**What you should do**
In the copy, every line of the material that follows must appear exactly, and no pictures should.

**Data section**
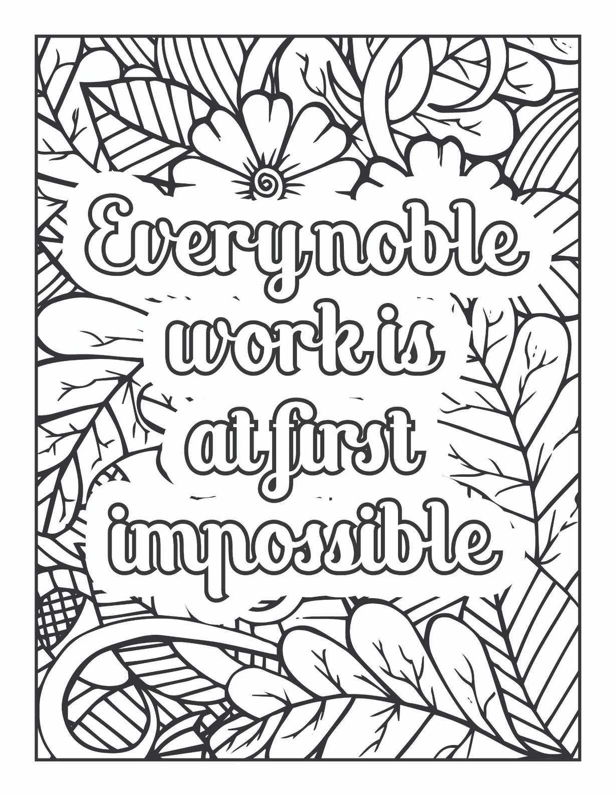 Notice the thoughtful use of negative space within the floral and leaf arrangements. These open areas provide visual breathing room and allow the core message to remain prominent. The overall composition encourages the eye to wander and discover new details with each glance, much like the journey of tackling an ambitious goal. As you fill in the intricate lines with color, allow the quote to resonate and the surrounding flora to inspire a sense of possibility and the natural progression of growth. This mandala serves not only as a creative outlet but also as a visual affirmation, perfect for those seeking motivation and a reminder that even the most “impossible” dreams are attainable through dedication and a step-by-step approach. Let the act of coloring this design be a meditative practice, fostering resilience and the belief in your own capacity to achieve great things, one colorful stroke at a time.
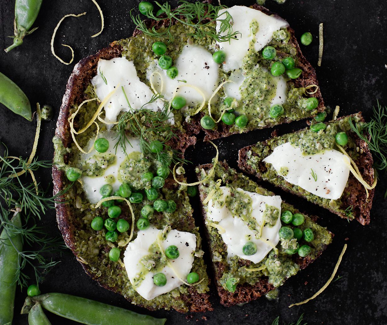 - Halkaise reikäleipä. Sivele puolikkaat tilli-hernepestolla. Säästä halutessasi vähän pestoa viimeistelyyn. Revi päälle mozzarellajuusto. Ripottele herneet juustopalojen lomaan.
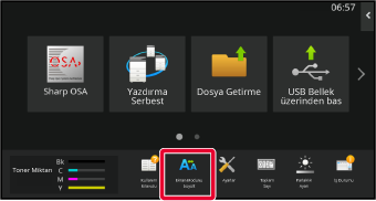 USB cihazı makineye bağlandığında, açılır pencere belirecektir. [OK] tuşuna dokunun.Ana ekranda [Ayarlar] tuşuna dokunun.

**Response**
 Notice the thoughtful use of negative space within the floral and leaf arrangements. These open areas provide visual breathing room and allow the core message to remain prominent. The overall composition encourages the eye to wander and discover new details with each glance, much like the journey of tackling an ambitious goal. As you fill in the intricate lines with color, allow the quote to resonate and the surrounding flora to inspire a sense of possibility and the natural progression of growth. This mandala serves not only as a creative outlet but also as a visual affirmation, perfect for those seeking motivation and a reminder that even the most “impossible” dreams are attainable through dedication and a step-by-step approach. Let the act of coloring this design be a meditative practice, fostering resilience and the belief in your own capacity to achieve great things, one colorful stroke at a time.
 - Halkaise reikäleipä. Sivele puolikkaat tilli-hernepestolla. Säästä halutessasi vähän pestoa viimeistelyyn. Revi päälle mozzarellajuusto. Ripottele herneet juustopalojen lomaan.
 USB cihazı makineye bağlandığında, açılır pencere belirecektir. [OK] tuşuna dokunun.Ana ekranda [Ayarlar] tuşuna dokunun.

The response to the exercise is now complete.